Fortunately, there are two other vaccines available (the Pfizer / BioNTech and Moderna shots), and these safety issues have not been seen in the more than 100 million people who have received them. People who are worried about the very rare blood clots may be convinced to get it sooner. Anthony Fauci, director of the National Institute of Allergy and Infectious Diseases, highlighted this during a White House press conference today. “There were no red flag signals from them,” Fauci said.

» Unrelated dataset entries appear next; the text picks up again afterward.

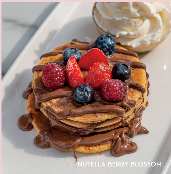
NUTELLA BERRY BLOSSOM
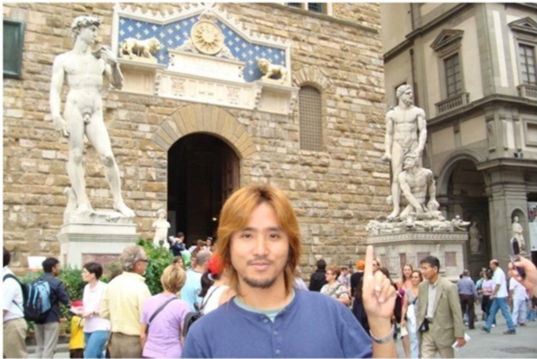
ヴェッキオ宮殿。ミケランジェロの像が迎えてくれる。
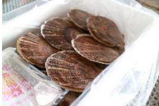
商品例 猿払村の活ほたて

全国でも有数のほたての名産地。厳しい天然の環境で稚貝を撒き、低い水温の地域で育ったほたては甘みと旨みが強く4年をかけて育てられます。その間、順調に成長したほたての海の幸をご賞味ください。

From a messenger perspective, the break can be communicated as a positive sign and an indication that the FDA is taking safety seriously. “They’re not hiding anything,” says Kornides. It shows that people can be confident that the system is paying attention to problems, even rare ones. Fauci stressed in the press briefing that the investigation should be left to the health officials. “You want to make sure safety is the most important issue here,” he said. “We are fully aware that this is a very rare event. We want it to work out as quickly as possible. ‘
This is a good message, even if there is a chance that it may not win back and forth around the COVID-19 vaccine. People are still afraid of potential risks, even though they know officials are monitoring them, Kornides says.

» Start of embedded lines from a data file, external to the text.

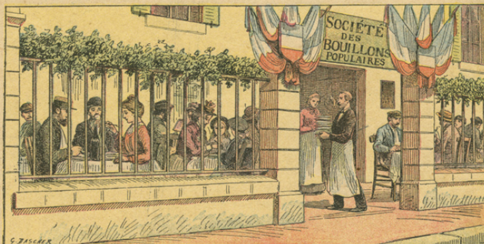
N° 12. — SOCIÉTÉS COOPÉRATIVES DE CONSOMMATION

Tout intermédiaire entre le producteur et le consommateur est un parasite qui, par son intervention, fait augmenter le prix des marchandises. Il est donc de l'intérêt du consommateur de se passer de son concours. C'est de cette préoccupation qu'est née l'idée de constituer des sociétés coopératives de consommation par lesquelles le bénéfice, qui autrement irait à l'intermédiaire, tombe dans la caisse des associés et diminue le prix de la marchandise à leur profit.
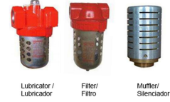
Lubricator / Lubricador
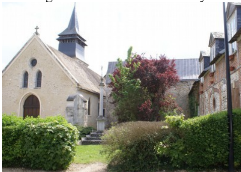
L'église de la Croix Saint Leufroy

But in the end, a personal touch can be more effective than public messaging. It is now even more important for doctors and health officials to hear each person’s concerns about the shots and to adjust their conversations accordingly, says Kornides. For example, if someone is worried about the blood clots, a doctor may explain the rarity of the reaction or encourage them to take one of the other types of vaccines.
The FDA and CDC must remain transparent about the investigation, Kornides said. The risk of increasing hesitation may not be a reason for the FDA and CDC not to explain the vaccine-related problems. “They had to do it because that’s the way we monitor vaccine safety,” she says. “Without doing so, you can not say that it is a transparent system.”